Records for processing -
┌────────
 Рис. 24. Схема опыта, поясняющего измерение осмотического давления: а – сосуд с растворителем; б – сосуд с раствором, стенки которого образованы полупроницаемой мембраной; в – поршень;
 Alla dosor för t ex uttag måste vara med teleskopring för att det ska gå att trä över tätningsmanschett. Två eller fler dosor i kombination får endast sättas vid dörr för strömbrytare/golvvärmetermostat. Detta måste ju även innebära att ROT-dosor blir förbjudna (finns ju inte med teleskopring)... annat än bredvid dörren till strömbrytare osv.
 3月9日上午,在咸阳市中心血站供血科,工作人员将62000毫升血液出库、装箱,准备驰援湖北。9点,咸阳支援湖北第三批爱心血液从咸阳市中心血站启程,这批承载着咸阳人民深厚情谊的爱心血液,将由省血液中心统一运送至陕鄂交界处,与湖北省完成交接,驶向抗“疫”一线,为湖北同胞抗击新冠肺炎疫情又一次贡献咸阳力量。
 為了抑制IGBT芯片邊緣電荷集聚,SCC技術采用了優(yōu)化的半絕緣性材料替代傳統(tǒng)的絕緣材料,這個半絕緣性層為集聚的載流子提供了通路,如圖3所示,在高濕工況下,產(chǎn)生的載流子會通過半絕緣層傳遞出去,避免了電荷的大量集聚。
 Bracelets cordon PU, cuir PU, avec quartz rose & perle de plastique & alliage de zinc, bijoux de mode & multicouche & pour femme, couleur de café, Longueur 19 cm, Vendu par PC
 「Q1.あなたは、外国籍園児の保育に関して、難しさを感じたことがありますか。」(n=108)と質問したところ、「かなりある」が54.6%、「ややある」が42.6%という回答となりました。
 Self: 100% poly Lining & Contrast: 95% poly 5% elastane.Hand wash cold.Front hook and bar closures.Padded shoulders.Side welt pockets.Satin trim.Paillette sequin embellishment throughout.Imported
└────────
About this task -
Write out every line of the data exactly, leaving nothing out.

Exercise response -
 Рис. 24. Схема опыта, поясняющего измерение осмотического давления: а – сосуд с растворителем; б – сосуд с раствором, стенки которого образованы полупроницаемой мембраной; в – поршень;
 Alla dosor för t ex uttag måste vara med teleskopring för att det ska gå att trä över tätningsmanschett. Två eller fler dosor i kombination får endast sättas vid dörr för strömbrytare/golvvärmetermostat. Detta måste ju även innebära att ROT-dosor blir förbjudna (finns ju inte med teleskopring)... annat än bredvid dörren till strömbrytare osv.
 3月9日上午,在咸阳市中心血站供血科,工作人员将62000毫升血液出库、装箱,准备驰援湖北。9点,咸阳支援湖北第三批爱心血液从咸阳市中心血站启程,这批承载着咸阳人民深厚情谊的爱心血液,将由省血液中心统一运送至陕鄂交界处,与湖北省完成交接,驶向抗“疫”一线,为湖北同胞抗击新冠肺炎疫情又一次贡献咸阳力量。
 為了抑制IGBT芯片邊緣電荷集聚,SCC技術采用了優(yōu)化的半絕緣性材料替代傳統(tǒng)的絕緣材料,這個半絕緣性層為集聚的載流子提供了通路,如圖3所示,在高濕工況下,產(chǎn)生的載流子會通過半絕緣層傳遞出去,避免了電荷的大量集聚。
 Bracelets cordon PU, cuir PU, avec quartz rose & perle de plastique & alliage de zinc, bijoux de mode & multicouche & pour femme, couleur de café, Longueur 19 cm, Vendu par PC
 「Q1.あなたは、外国籍園児の保育に関して、難しさを感じたことがありますか。」(n=108)と質問したところ、「かなりある」が54.6%、「ややある」が42.6%という回答となりました。
 Self: 100% poly Lining & Contrast: 95% poly 5% elastane.Hand wash cold.Front hook and bar closures.Padded shoulders.Side welt pockets.Satin trim.Paillette sequin embellishment throughout.Imported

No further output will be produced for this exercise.